Data excerpts:

═══

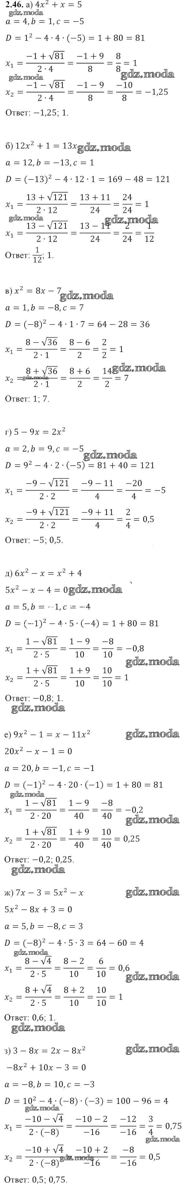 ОТВЕТ на задание № 2.46 Учебник по Алгебре 8 класс Арефьева
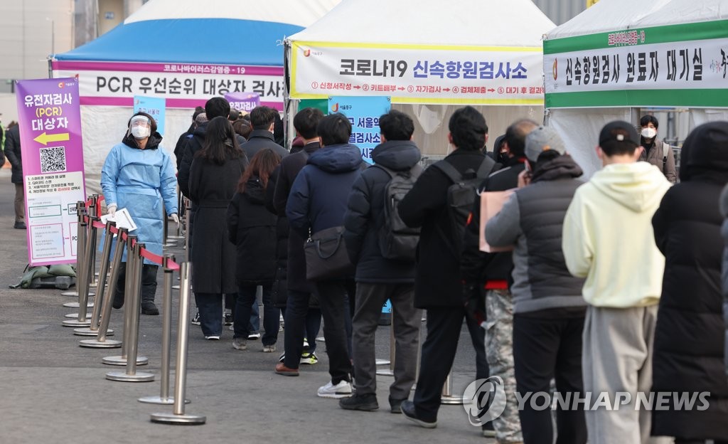 | ▲ Citizens wait in line to receive COVID-19 tests at a temporary testing site in front of Seoul Station in the capital on Feb. 25, 2022. (Yonhap) |
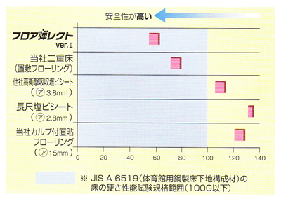 特殊形状の新開発クッションゴムが適度な弾力性と二重床同等以上の転倒時の安全性・居住性を実現しました。足腰の弱いお年寄りや遊び盛りのお子様にもやさしい床材です。福祉施設、幼稚園、保育園などにお奨めです。 <フロア弾レクトの2大特性> 1. 安全性能(床の硬さ試験による比較) 転倒時の安全性に関しては、体育床におけるJIS規格「床の硬さ試験」が目安になります。当商品はその規格値を満たした安全設計です。 (試験方法)JIS A 6519所定の試験方法(床の硬さ試験は人間の頭部をモデル化した 2. 耐荷重性能 (荷重面積) 特殊形状ゴムの機能
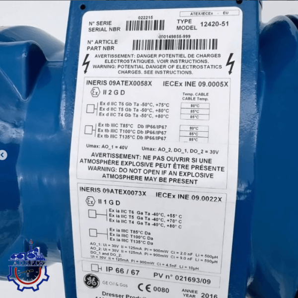 ترانسمیتر سطح دیسپلیسری Dresser 12400 یک تجهیز صنعتی است که بر اساس اطلاعات روی برچسب، به نظر میرسد یک دستگاه اندازهگیری یا کنترل مانند ترانسمیتر یا کنترلکننده سطح باشد.. این تجهیز با طراحی دقیق و کاربردی، برای محیطهای انفجاری و خطرناک نیز مناسب است.
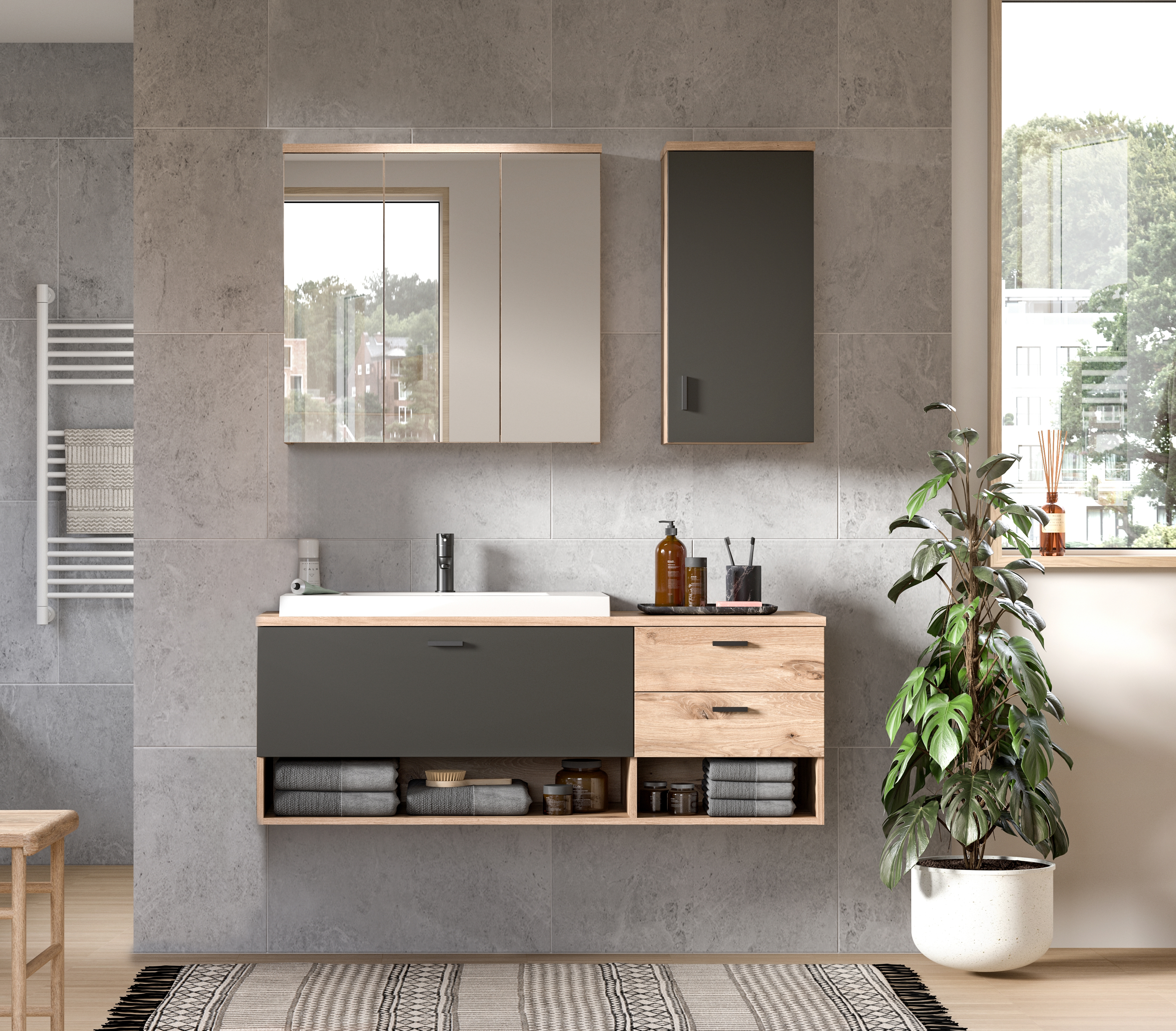 - Funktionalität: Die Badkombination bietet großzügigen Stauraum für die Aufbewahrung von Handtüchern, Kosmetika, Medikamenten und anderen Badutensilien, wodurch sie eine praktische Lösung zur Organisation des Badezimmers darstellt.
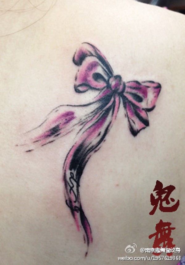 女生肩背唯美潮流的写意蝴蝶结纹身图案_蝴蝶纹身图案大全_纹身图吧
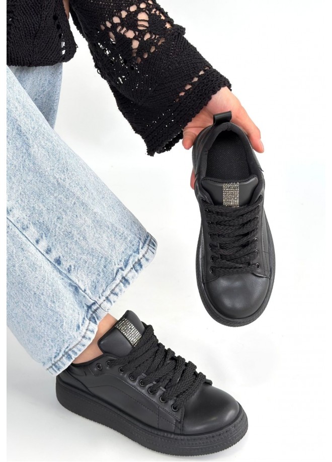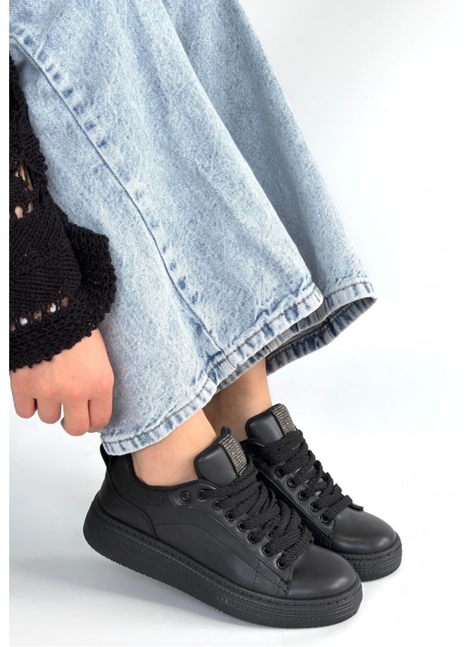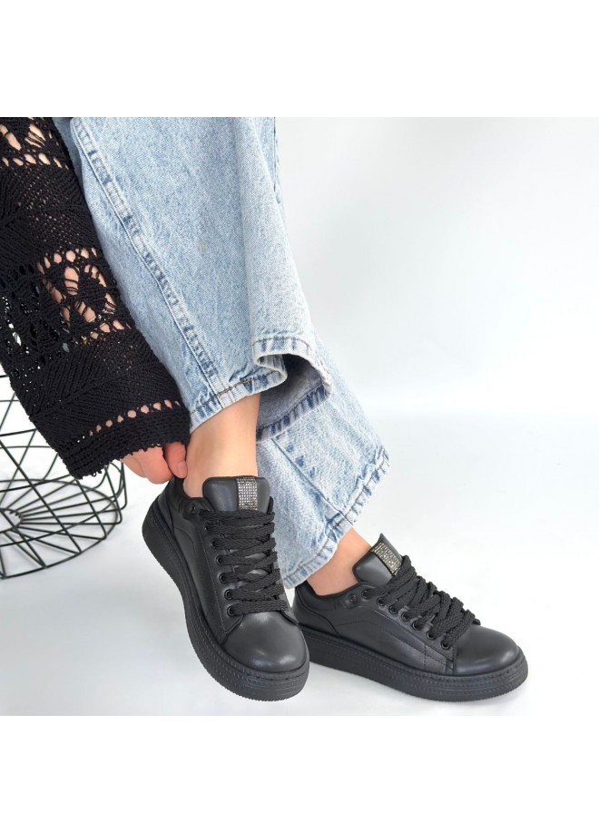 Yier Siyah Cilt Bağcıklı Spor Ayakkabı

═══

» **What this task involves**: Output all of the data exactly. Skip the pictures.

» **Expected answer**:
 ОТВЕТ на задание № 2.46 Учебник по Алгебре 8 класс Арефьева
 | ▲ Citizens wait in line to receive COVID-19 tests at a temporary testing site in front of Seoul Station in the capital on Feb. 25, 2022. (Yonhap) |
 特殊形状の新開発クッションゴムが適度な弾力性と二重床同等以上の転倒時の安全性・居住性を実現しました。足腰の弱いお年寄りや遊び盛りのお子様にもやさしい床材です。福祉施設、幼稚園、保育園などにお奨めです。 <フロア弾レクトの2大特性> 1. 安全性能(床の硬さ試験による比較) 転倒時の安全性に関しては、体育床におけるJIS規格「床の硬さ試験」が目安になります。当商品はその規格値を満たした安全設計です。 (試験方法)JIS A 6519所定の試験方法(床の硬さ試験は人間の頭部をモデル化した 2. 耐荷重性能 (荷重面積) 特殊形状ゴムの機能
 ترانسمیتر سطح دیسپلیسری Dresser 12400 یک تجهیز صنعتی است که بر اساس اطلاعات روی برچسب، به نظر میرسد یک دستگاه اندازهگیری یا کنترل مانند ترانسمیتر یا کنترلکننده سطح باشد.. این تجهیز با طراحی دقیق و کاربردی، برای محیطهای انفجاری و خطرناک نیز مناسب است.
 - Funktionalität: Die Badkombination bietet großzügigen Stauraum für die Aufbewahrung von Handtüchern, Kosmetika, Medikamenten und anderen Badutensilien, wodurch sie eine praktische Lösung zur Organisation des Badezimmers darstellt.
 女生肩背唯美潮流的写意蝴蝶结纹身图案_蝴蝶纹身图案大全_纹身图吧
 Yier Siyah Cilt Bağcıklı Spor Ayakkabı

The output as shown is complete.